» **TASK INPUT**:
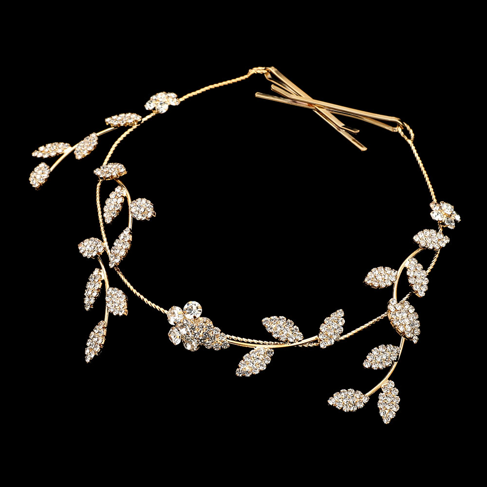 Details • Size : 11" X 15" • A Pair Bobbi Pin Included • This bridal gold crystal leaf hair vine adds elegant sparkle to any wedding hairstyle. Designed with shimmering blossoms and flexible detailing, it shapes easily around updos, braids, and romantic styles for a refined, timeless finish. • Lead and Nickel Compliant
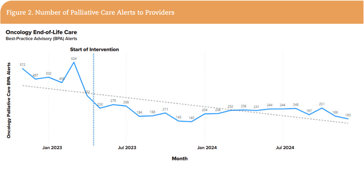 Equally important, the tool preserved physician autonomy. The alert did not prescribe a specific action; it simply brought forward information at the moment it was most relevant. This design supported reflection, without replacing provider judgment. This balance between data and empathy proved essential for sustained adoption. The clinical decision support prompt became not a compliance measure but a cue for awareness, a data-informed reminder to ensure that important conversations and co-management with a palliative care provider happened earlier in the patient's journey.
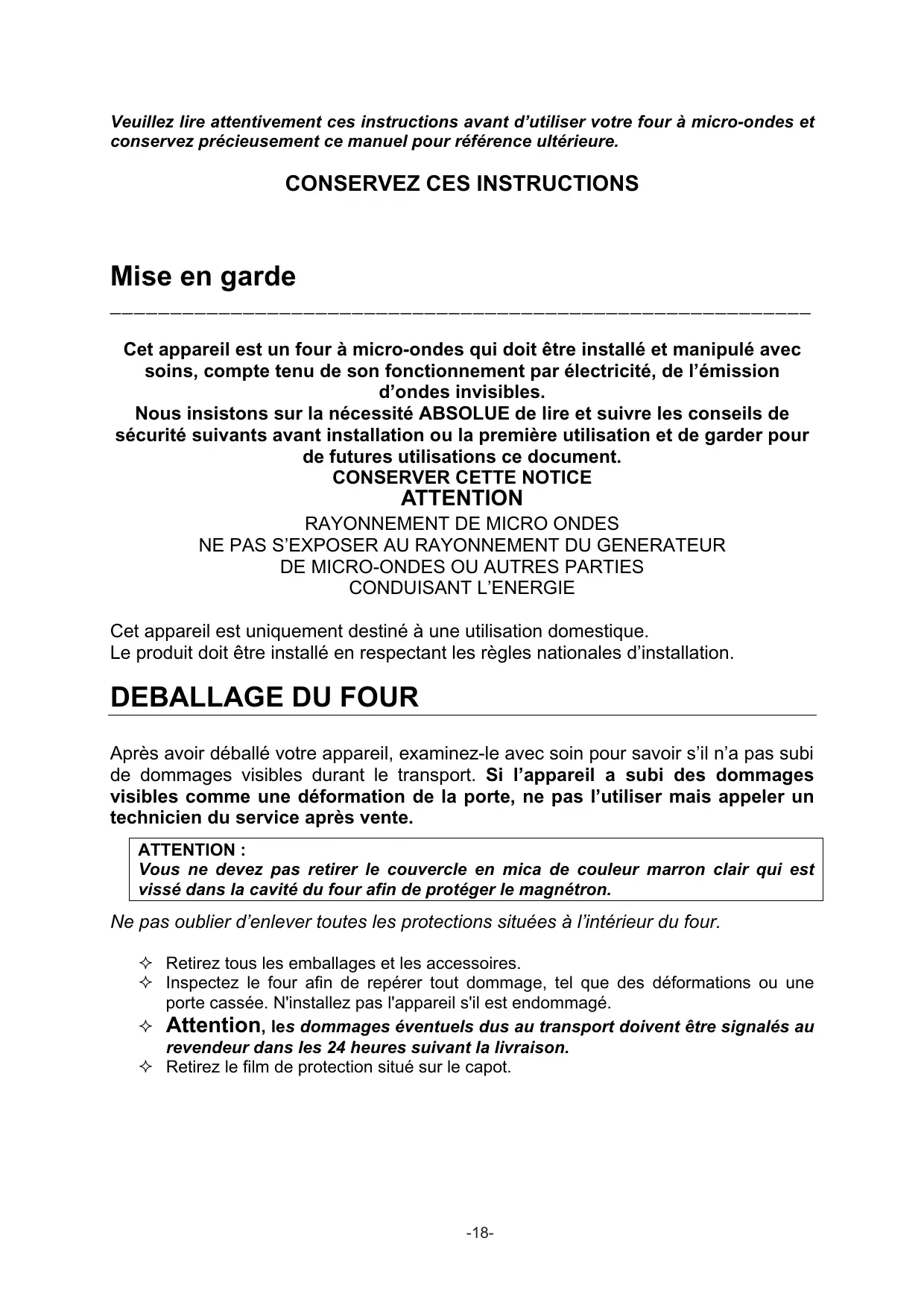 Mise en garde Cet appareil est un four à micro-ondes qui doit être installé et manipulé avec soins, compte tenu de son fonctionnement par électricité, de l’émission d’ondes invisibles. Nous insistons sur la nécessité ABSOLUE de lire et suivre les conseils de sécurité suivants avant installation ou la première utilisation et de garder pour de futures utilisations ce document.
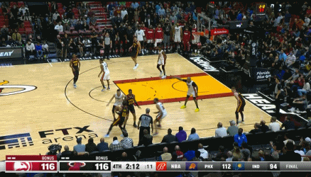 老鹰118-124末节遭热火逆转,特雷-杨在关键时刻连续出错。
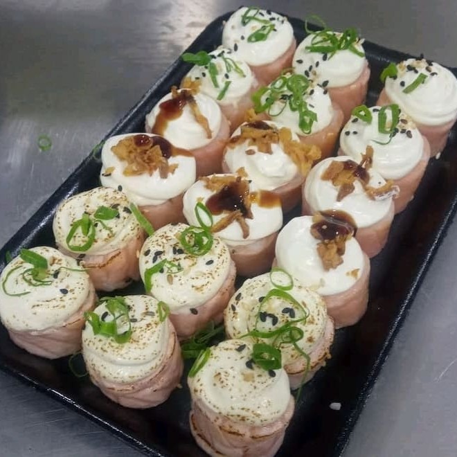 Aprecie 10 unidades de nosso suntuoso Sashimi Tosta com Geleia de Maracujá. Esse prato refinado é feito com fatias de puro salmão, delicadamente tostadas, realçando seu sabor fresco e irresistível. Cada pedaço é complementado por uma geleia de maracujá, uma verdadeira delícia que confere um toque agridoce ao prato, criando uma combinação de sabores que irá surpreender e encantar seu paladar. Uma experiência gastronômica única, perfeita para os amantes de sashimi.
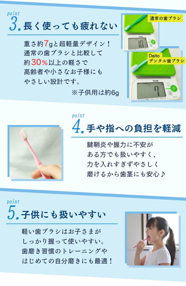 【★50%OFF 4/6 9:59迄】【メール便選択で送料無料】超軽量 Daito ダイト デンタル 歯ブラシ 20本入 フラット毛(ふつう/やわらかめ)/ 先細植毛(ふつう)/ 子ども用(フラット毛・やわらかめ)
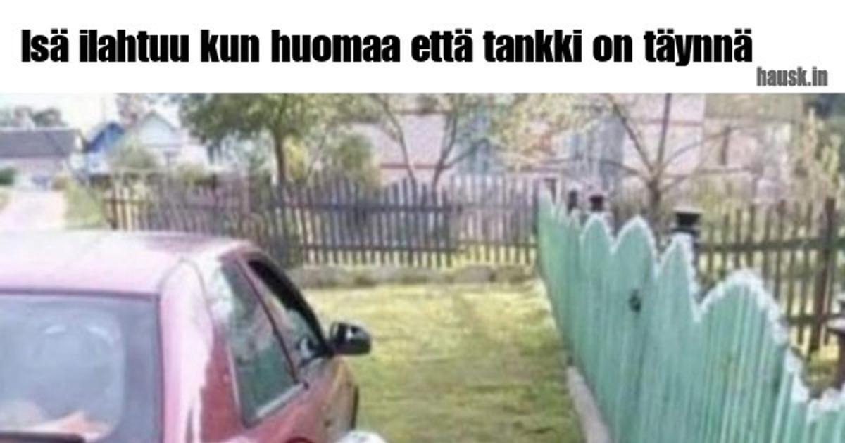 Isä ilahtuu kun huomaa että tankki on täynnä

---

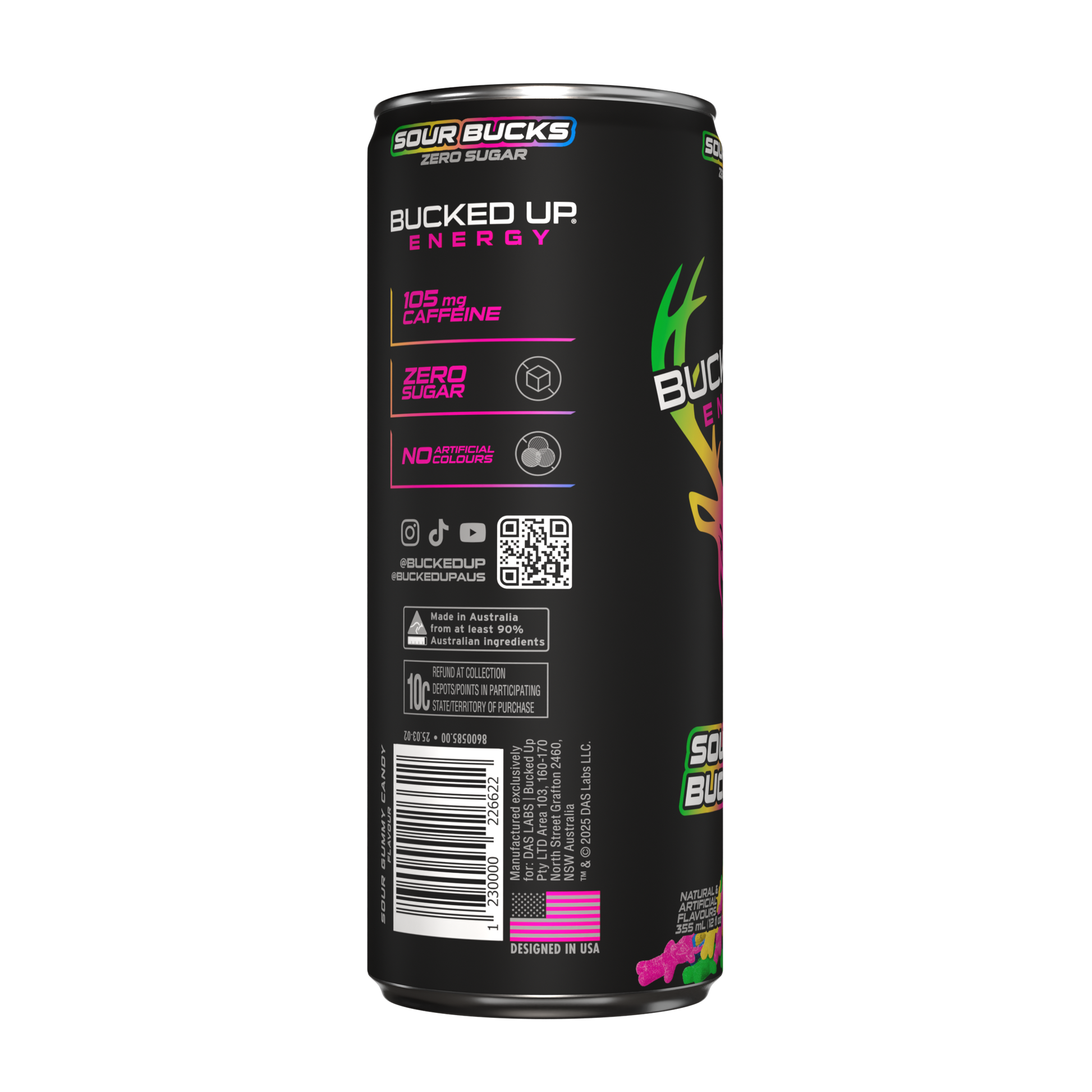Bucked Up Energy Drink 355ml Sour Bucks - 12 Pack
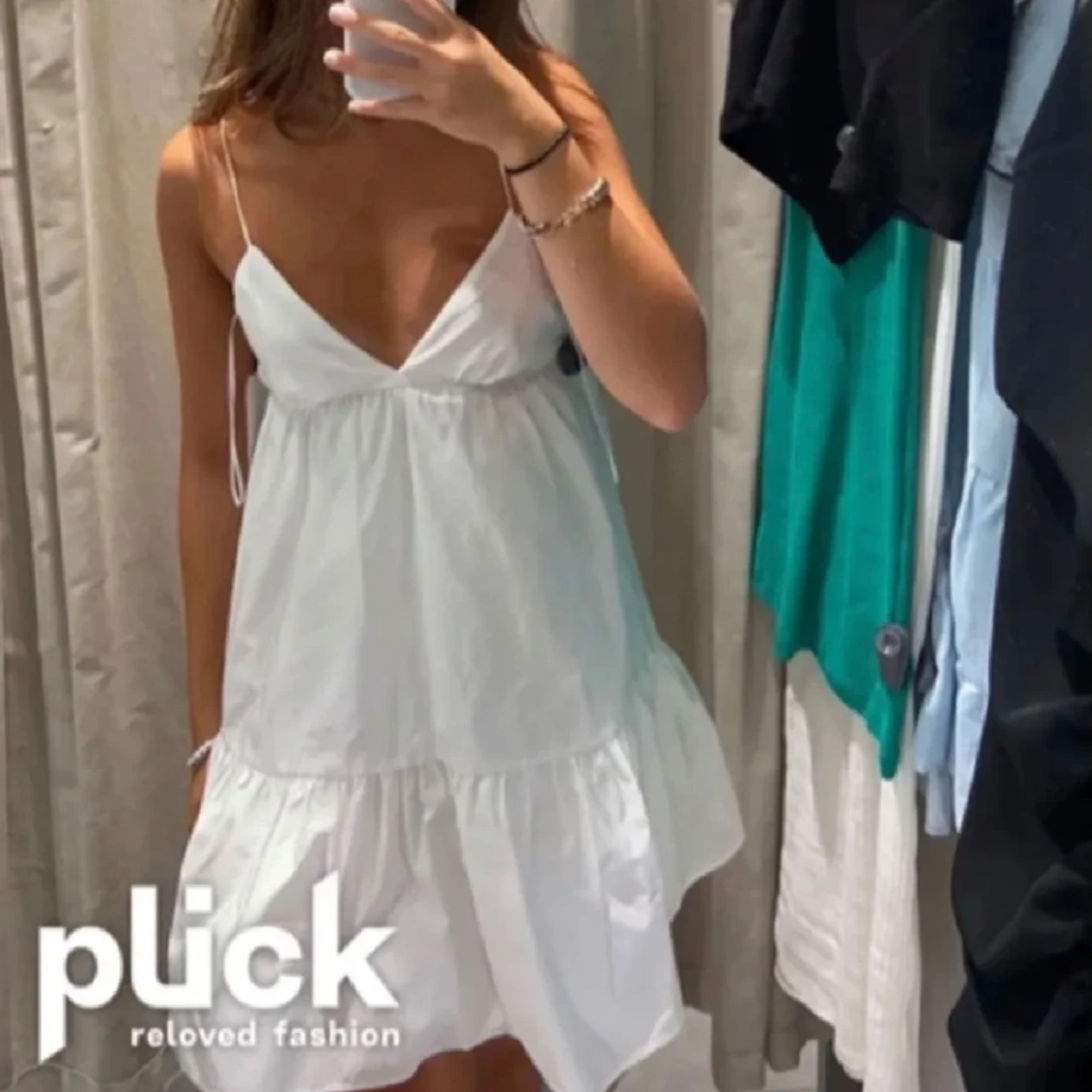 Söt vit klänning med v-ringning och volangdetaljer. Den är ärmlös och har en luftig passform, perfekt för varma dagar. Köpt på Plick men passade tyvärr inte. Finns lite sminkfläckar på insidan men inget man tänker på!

---

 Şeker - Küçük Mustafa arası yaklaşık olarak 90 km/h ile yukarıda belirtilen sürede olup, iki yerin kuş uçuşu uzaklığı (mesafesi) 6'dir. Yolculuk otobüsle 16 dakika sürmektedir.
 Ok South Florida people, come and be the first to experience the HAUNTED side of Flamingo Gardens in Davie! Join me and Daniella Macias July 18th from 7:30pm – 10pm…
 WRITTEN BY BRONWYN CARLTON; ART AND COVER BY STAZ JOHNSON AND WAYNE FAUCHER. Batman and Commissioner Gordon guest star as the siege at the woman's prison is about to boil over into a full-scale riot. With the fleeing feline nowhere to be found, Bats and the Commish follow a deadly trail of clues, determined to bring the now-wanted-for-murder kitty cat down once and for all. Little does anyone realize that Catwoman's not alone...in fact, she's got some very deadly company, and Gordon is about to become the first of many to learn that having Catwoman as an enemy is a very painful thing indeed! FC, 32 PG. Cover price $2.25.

» **EXERCISE BRIEF**: From the records above, copy exactly the stretch from the line holding "Details • Size" through the line holding "老鹰118-124末节遭热火逆转,特雷-杨在关键时刻连续出错。", both ends included, without the pictures.

» **RESPONSE AREA**:
 Details • Size : 11" X 15" • A Pair Bobbi Pin Included • This bridal gold crystal leaf hair vine adds elegant sparkle to any wedding hairstyle. Designed with shimmering blossoms and flexible detailing, it shapes easily around updos, braids, and romantic styles for a refined, timeless finish. • Lead and Nickel Compliant
 Equally important, the tool preserved physician autonomy. The alert did not prescribe a specific action; it simply brought forward information at the moment it was most relevant. This design supported reflection, without replacing provider judgment. This balance between data and empathy proved essential for sustained adoption. The clinical decision support prompt became not a compliance measure but a cue for awareness, a data-informed reminder to ensure that important conversations and co-management with a palliative care provider happened earlier in the patient's journey.
 Mise en garde Cet appareil est un four à micro-ondes qui doit être installé et manipulé avec soins, compte tenu de son fonctionnement par électricité, de l’émission d’ondes invisibles. Nous insistons sur la nécessité ABSOLUE de lire et suivre les conseils de sécurité suivants avant installation ou la première utilisation et de garder pour de futures utilisations ce document.
 老鹰118-124末节遭热火逆转,特雷-杨在关键时刻连续出错。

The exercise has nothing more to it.